Page:Lytton - Les derniers jours de Pompéi, 1859.djvu/111

Cette page n’a pas encore été corrigée
99
DE POMPÉI



_____________________________


CHAPITRE III.

Glaucus fait un marché qui plus tard lui coûte cher.


« Holà, mes braves compagnons, dit Lépidus en baissant la tête pour entrer par la porte basse de la maison de Burbo ; nous sommes venus voir qui de vous fera plus d’honneur à notre lanista.

» Les gladiateurs se levèrent de la table avec respect en voyant entrer trois jeunes gens connus pour être des meilleurs vivants et des plus riches de Pompéi, et dont les voix dispensaient la réputation à l’amphithéâtre.

« Quels beaux animaux ! dit Claudius à Glaucus ; vraiment dignes d’être gladiateurs !

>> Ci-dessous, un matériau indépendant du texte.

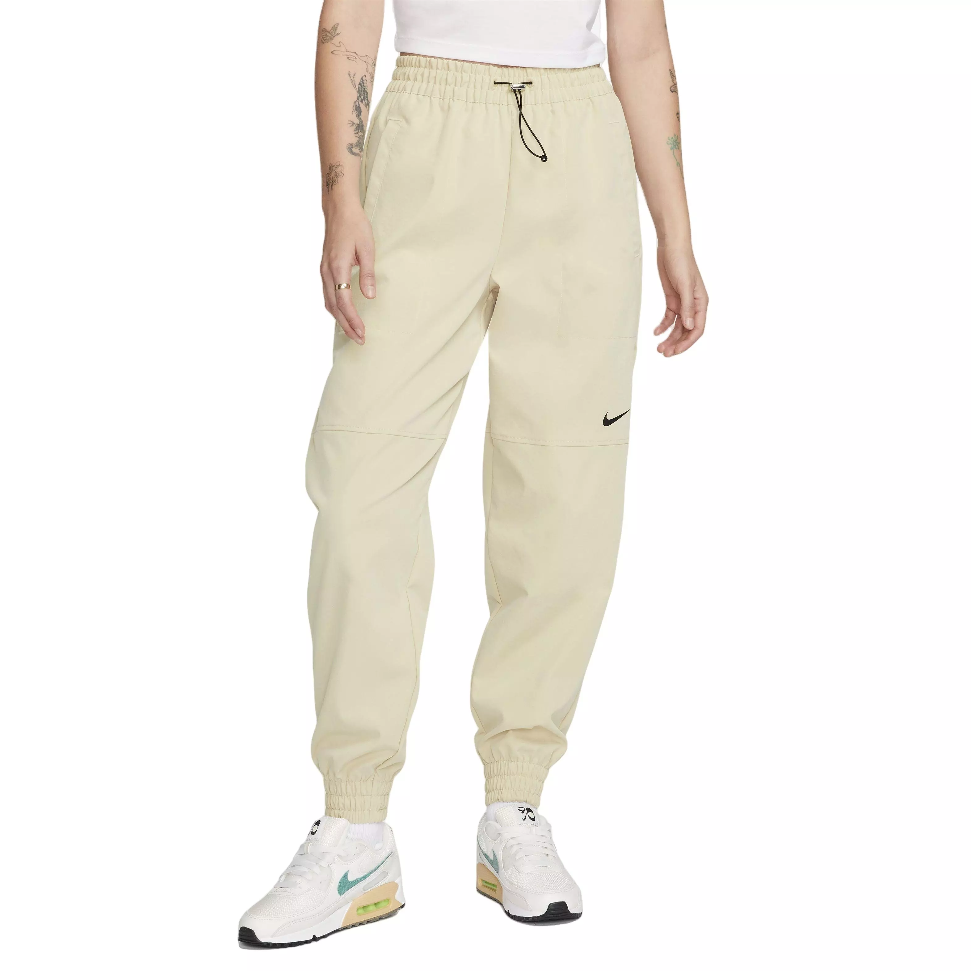 Designed to be functional and stylish, these Nike Women's Sportswear Swoosh Woven Pants keep you covered in unexpected weather without sacrificing style. Made with a lightweight woven fabric and a water-repellent finish, they help you stay dry in light rain. Plus, a relaxed fit lets you move comfortably through your day.

— C’est une pitié qu’ils ne soient pas soldats, » dit Glaucus. C’était une chose singulière, de voir l’efféminé et l’ennuyé Lépidus, que, dans un banquet, un rayon de lumière semblait aveugler, que, dans un bain, le moindre courant d’air semblait anéantir, en qui tout instinct naturel paraissait perverti, devenu en quelque sorte une créature équivoque et artificielle ; c’était une singulière chose, disons-nous, de le voir à cette heure, tout empressé, tout énergique, tout vivant, tâterles vastes épaules des gladiateurs d’une main blanche, féminine, éprouver d’une touche légère leurs muscles de fer, en un mot, plein d’admiration pour cette force qu’il avait passé toute sa vie à détruire en lui.

C’est ainsi que nous avons vu, de nos jours, les fashionables sans barbe des salons de Londres tourner autour des héros de Fivescourt. C’est ainsi que nous les avons vus souvent contempler, admirer ces hommes en calculant un pari. C’est ainsi que nous avons trouvé réunis, dans un assemblage plaisant et triste, les deux extrêmes de la société civilisée, les patrons du plaisir et ses esclaves ; les plus vils de ses esclaves, à la fois féroces et mercenaires, prostitués mâles, qui vendent leurs forces comme les femmes leur beauté ; bêtes brutes dans leurs actes, mais plus que des bêtes dans le motif qui les fait agir : car les autres, du moins, ne se dévorent pas pour de l’argent.